### What is required
From the line that contains "Na jižní okraj" down to the final line below, please repeat each line exactly and nothing more, with no pictures.

### Raw data
--------------------------------------------------

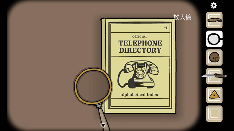 在游戏过程中打开抽屉里的电话本,点击放大镜就能放大查看上面的号码。由于逃离方块悖论最初是手机游戏,即便移植到PC端,放大镜功能仍然保留了查看小字体的实用设计。
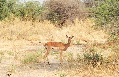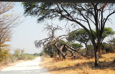 Na jižní okraj delty Okavango jsme jeli individuálně s řidičem a průvodcem. Já jsem byla v kabině s řidičem. Méně prachu a pocit bezpečí při setkání s divokými zvířaty. Manžel, který seděl na drsné lavici na korbě s průvodcem, trpěl bolestí páteře, která mu vystřelovala až do prstů nohou a byla doprovázena nepříjemným brněním. Zdá se to neskutečné, ale nadskakování našeho vozidla ho z tohoto neduhu téměř vyléčilo. Pravděpodobně došlo k pohybu obratlí, které uvolnily skřípnutý nerv a bolest zmizela. Jeden z velkých výmolů ovšem manžela vyhodil do vzduchu tak vysoko, že se udeřil do temene hlavy o železný rám střechy pod plachtou, která nás chránila před sluncem. Zastavili jsme. Manželovi tekla na čele krev, poranil se totiž o suchý zip, kterým byla připevněna plachta. Na hlavě mu naskočila boule. Řidič z toho byl nešťastný, já jsem byla strachy bez sebe, ale nakonec z toho nic vážného nebylo a řidič dostal i svoje spropitné, ze kterého žil.
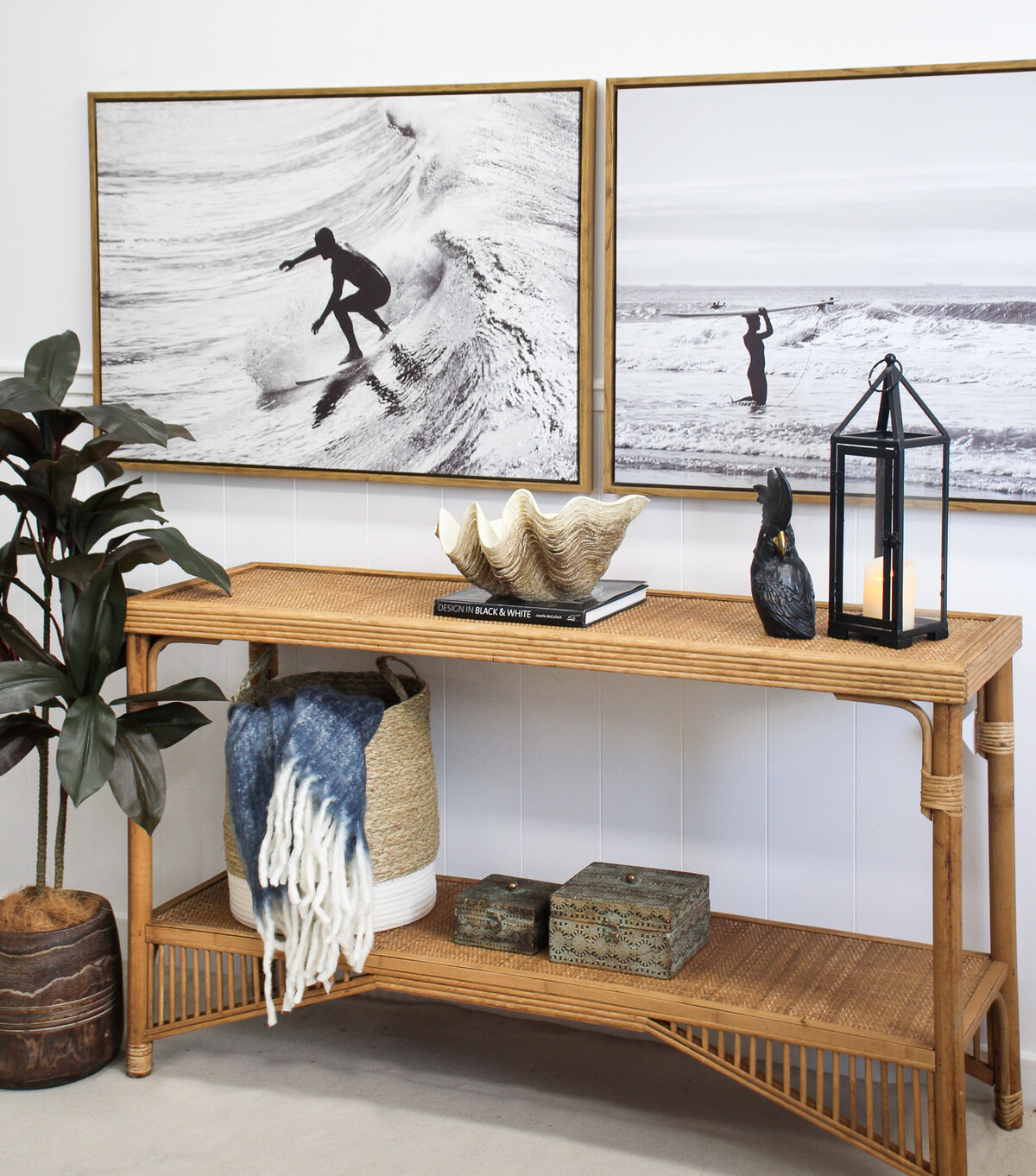 Our Framed Canvas Surfers 7 artwork is one of those pieces that just - works. It’s two classic, surf-inspired black and white prints you can position side by side for an instant visual impact. They do come as a pair - both sized at 70x100cm - and each is made from high-quality canvas mounted on pine with a resin finish for some extra texture. We’ve found that these work best as statement pieces in coastal homes, beach houses, or even in city flats for anyone wanting to bring some of the sea home. The monochromatic palette is surprisingly versatile - it won’t compete with anything else nearby. You could style these with breezy linen sofas and rattan accessories, but we’ve also seen them used as more masculine decor pieces paired with darker woods and leather. If your customers are the outdoorsy type or simply like a touch of something more classic but still coastal, Framed Canvas Surfers 7 might just be it.

--------------------------------------------------

### Completed exercise
 Na jižní okraj delty Okavango jsme jeli individuálně s řidičem a průvodcem. Já jsem byla v kabině s řidičem. Méně prachu a pocit bezpečí při setkání s divokými zvířaty. Manžel, který seděl na drsné lavici na korbě s průvodcem, trpěl bolestí páteře, která mu vystřelovala až do prstů nohou a byla doprovázena nepříjemným brněním. Zdá se to neskutečné, ale nadskakování našeho vozidla ho z tohoto neduhu téměř vyléčilo. Pravděpodobně došlo k pohybu obratlí, které uvolnily skřípnutý nerv a bolest zmizela. Jeden z velkých výmolů ovšem manžela vyhodil do vzduchu tak vysoko, že se udeřil do temene hlavy o železný rám střechy pod plachtou, která nás chránila před sluncem. Zastavili jsme. Manželovi tekla na čele krev, poranil se totiž o suchý zip, kterým byla připevněna plachta. Na hlavě mu naskočila boule. Řidič z toho byl nešťastný, já jsem byla strachy bez sebe, ale nakonec z toho nic vážného nebylo a řidič dostal i svoje spropitné, ze kterého žil.
 Our Framed Canvas Surfers 7 artwork is one of those pieces that just - works. It’s two classic, surf-inspired black and white prints you can position side by side for an instant visual impact. They do come as a pair - both sized at 70x100cm - and each is made from high-quality canvas mounted on pine with a resin finish for some extra texture. We’ve found that these work best as statement pieces in coastal homes, beach houses, or even in city flats for anyone wanting to bring some of the sea home. The monochromatic palette is surprisingly versatile - it won’t compete with anything else nearby. You could style these with breezy linen sofas and rattan accessories, but we’ve also seen them used as more masculine decor pieces paired with darker woods and leather. If your customers are the outdoorsy type or simply like a touch of something more classic but still coastal, Framed Canvas Surfers 7 might just be it.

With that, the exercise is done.